▶ _Goal of the exercise_: In the entries that follow, repeat exactly the lines from the one that has "上高地乗鞍スーパー林道より望む白骨温泉街の紅葉" through the one that has "市民在參觀獲多項(xiàng", but omit pictures.

▶ _Records provided_:
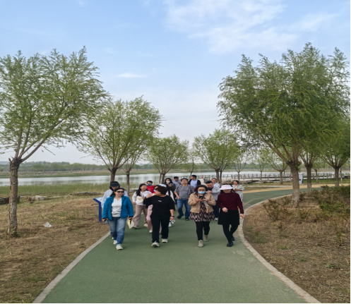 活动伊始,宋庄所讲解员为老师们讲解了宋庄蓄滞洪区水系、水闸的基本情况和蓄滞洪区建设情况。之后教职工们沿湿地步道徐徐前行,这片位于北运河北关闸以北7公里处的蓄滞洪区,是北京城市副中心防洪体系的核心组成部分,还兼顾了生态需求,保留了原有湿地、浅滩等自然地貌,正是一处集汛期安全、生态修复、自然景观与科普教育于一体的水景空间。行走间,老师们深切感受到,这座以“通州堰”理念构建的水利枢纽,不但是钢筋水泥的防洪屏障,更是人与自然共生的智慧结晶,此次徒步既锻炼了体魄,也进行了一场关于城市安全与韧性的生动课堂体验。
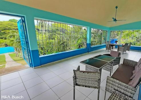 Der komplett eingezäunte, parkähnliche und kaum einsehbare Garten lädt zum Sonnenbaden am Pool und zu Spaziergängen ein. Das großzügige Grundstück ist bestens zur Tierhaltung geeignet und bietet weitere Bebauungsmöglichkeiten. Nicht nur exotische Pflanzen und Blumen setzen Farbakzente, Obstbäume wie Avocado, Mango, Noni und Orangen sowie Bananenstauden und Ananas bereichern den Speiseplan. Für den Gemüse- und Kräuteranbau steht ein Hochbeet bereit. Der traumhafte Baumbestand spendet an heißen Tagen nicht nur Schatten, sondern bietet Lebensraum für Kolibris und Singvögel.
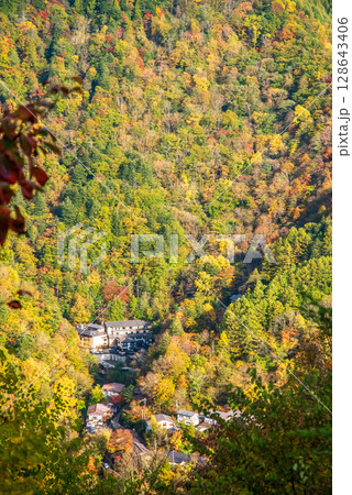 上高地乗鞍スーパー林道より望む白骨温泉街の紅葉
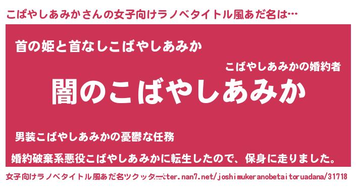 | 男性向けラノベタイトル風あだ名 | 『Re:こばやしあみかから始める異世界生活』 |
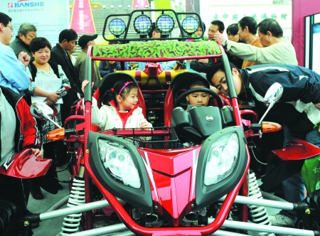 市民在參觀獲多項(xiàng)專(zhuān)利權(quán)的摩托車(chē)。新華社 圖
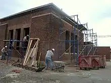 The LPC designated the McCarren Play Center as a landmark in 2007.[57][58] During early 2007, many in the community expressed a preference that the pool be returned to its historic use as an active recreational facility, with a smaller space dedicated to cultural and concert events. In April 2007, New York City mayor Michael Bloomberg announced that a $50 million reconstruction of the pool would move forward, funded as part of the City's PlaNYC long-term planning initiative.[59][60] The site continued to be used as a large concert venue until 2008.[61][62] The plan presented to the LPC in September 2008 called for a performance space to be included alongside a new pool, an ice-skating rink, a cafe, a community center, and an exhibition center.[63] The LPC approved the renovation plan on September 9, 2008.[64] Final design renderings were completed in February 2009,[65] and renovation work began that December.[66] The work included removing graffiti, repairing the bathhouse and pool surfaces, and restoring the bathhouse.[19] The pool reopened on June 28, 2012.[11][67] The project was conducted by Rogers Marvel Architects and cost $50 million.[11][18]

▶ _Reply to the exercise_:
 上高地乗鞍スーパー林道より望む白骨温泉街の紅葉
 | 男性向けラノベタイトル風あだ名 | 『Re:こばやしあみかから始める異世界生活』 |
 市民在參觀獲多項(xiàng)專(zhuān)利權(quán)的摩托車(chē)。新華社 圖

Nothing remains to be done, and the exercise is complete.